The instrument classes have the Serial object of the pyserial package as a superclass and have methods which call the Serial write method to communicate to the device.

Parallel operation is achieved just by calling the python interpreter from the command line in parallel on all scripts. The message passing interface is just reading and writing to files, where there is only one script which may write to any file. The issues of resource conflict (I have seen file contents disappear when there is simultaneous read and write, though in principle with view copying there should only be collisions between two or more writes) and possible double reading of parameters can be dealt with, for the required time resolutions, just by offsetting the read and write times to thousands of the loop iteration times (writing a pickle file takes 0.21 milliseconds, for example). Better solutions exist to the problem of asynchronous communication for control.

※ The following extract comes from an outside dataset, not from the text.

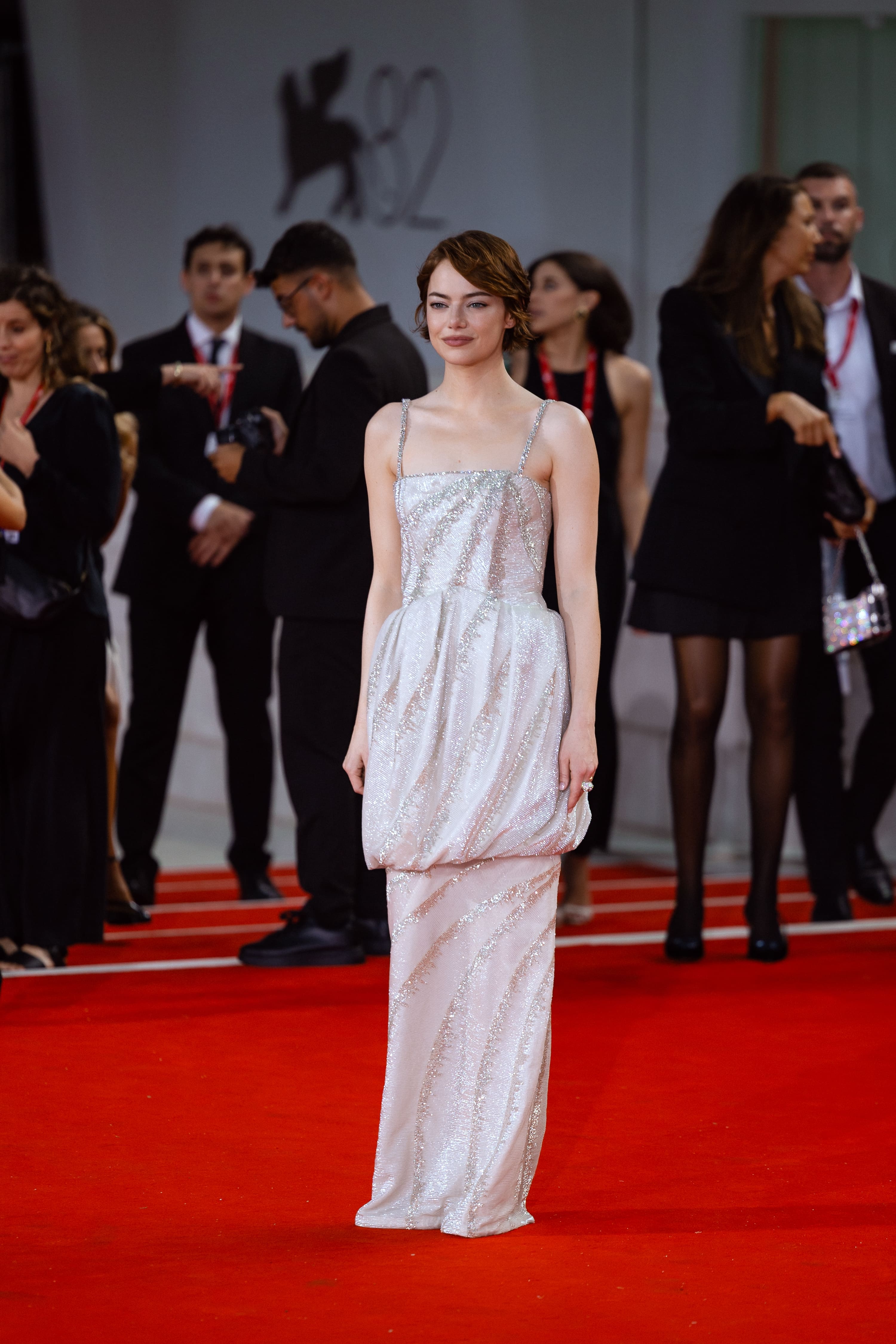 На прем'єрі «Бугонії» Емма Стоун ще раз підтвердила статус однієї з найстильніших акторок сучасності. Вона з'явилася у білій сукні максі від Louis Vuitton, розшитої срібним бісером. Ніжні бретельки, прикрашені камінням, та акцентна вставка, що нагадувала міні спідницю фасону «тюльпан», надали образу футуристичної вишуканості.

As reference in reading the communication files which are python binary (pickle) encoded, <80>^C<88> is True and <80>^C<89> is False.

Description of Science

By controlling the phase, frequency, and shape of modulation of several sources of reactants, it can be possible to infer properties of catalysts and the reactions they catalyze by the spectroscopic response. Note that while atomic relaxation times are on the order of picoseconds, these bulk changes in fluid concentration can be order miliseconds to seconds and still show significant inertial effects, which is usually resulting in phase shift for first-order like systems. The assumption of an ideal mixed fluid which is in equilibrium with the catalyst surface is required.

Catalyst systems should not be truly dynamic for the given modulation frequency. There is a sinusoidal fidelity (sinusoid input gives sinusoid output) if the modulation amplitude is small relative to the mean value, since the system will be linear for small enough perturbations. But this doesn't give mechanistic insight, since mechanism is informed precisely by non-linearities, in particular at limits of some species saturation. For quasi-equilibrium systems, the best data is obtained at steady-state, since the only thing you get for not being at steady-state is an unknown and varying gas composition over the catalyst. If you were to know the gas composition over the catalyst, then the rate would be the same as at a steady-state by the quasi-equilibrium principle.

The cscripts file has programs for programming step-function changes for steady-state experiments.